If we fit a random forest classifier with only 10 trees (scikit-learn’s default):

In [None]:
import pandas as pd
import numpy as np
from sklearn.ensemble import RandomForestClassifier
#from sklearn.cross_validation import cross_val_score
from sklearn.model_selection import cross_val_score
#from sklearn.model_selection import train_test_split

mnist_data = pd.read_csv(r'C:/Users/lenovo/ansel/Notebook_05/data/mnist.csv.gz', sep='\t', compression='gzip')

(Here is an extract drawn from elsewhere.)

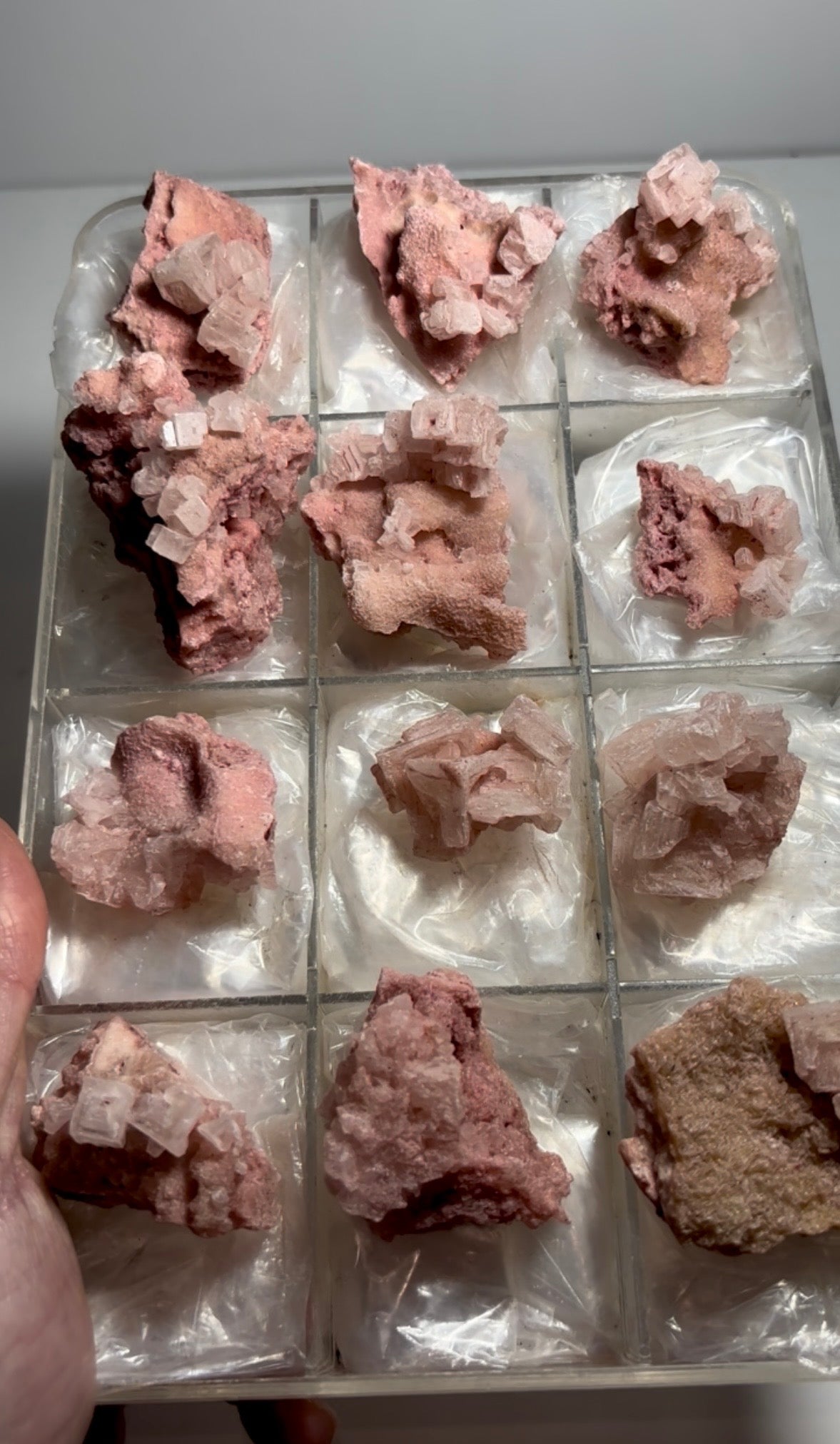 Pink Halite Specimens 12 Piece Lot From: Searles Lake, California Size range: 64 - 32 mm Total Weight: 259 gr Read more

cv_scores = cross_val_score(RandomForestClassifier(n_estimators=10, n_jobs=-1),
                            X=mnist_data.drop('class', axis=1).values,
                            y=mnist_data.loc[:, 'class'].values,
                            cv=10)

print(cv_scores)

print(np.mean(cv_scores))

The random forest achieves an average of 94.7% cross-validation accuracy on MNIST. However, what if we tuned that hyperparameter a little bit and provided the random forest with 100 trees instead?

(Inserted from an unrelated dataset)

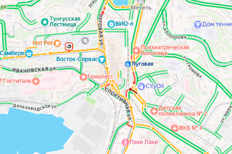 В эти минуты во Владивостоке собралась колоссальная пробка из-за серьёзного ДТП с участием автобуса. Авария произошла сразу после поворота с улицы Луговой на Гайдамак — одном из ключевых транспортных узлов столицы ДФО.

cv_scores = cross_val_score(RandomForestClassifier(n_estimators=100, n_jobs=-1),
                            X=mnist_data.drop('class', axis=1).values,
                            y=mnist_data.loc[:, 'class'].values,
                            cv=10)

print(cv_scores)

print(np.mean(cv_scores))

With such a minor change, we improved the random forest’s average cross-validation accuracy from 94.7% to 96.9%. This small improvement in accuracy can translate into millions of additional digits classified correctly if we’re applying this model on the scale of, say, processing addresses for the U.S. Postal Service.

**Never use the defaults for your model.** Hyperparameter tuning is vitally important for every machine learning project.

## Model selection is important

We all love to think that our favorite model will perform well on every machine learning problem, but different models are better suited for different tasks.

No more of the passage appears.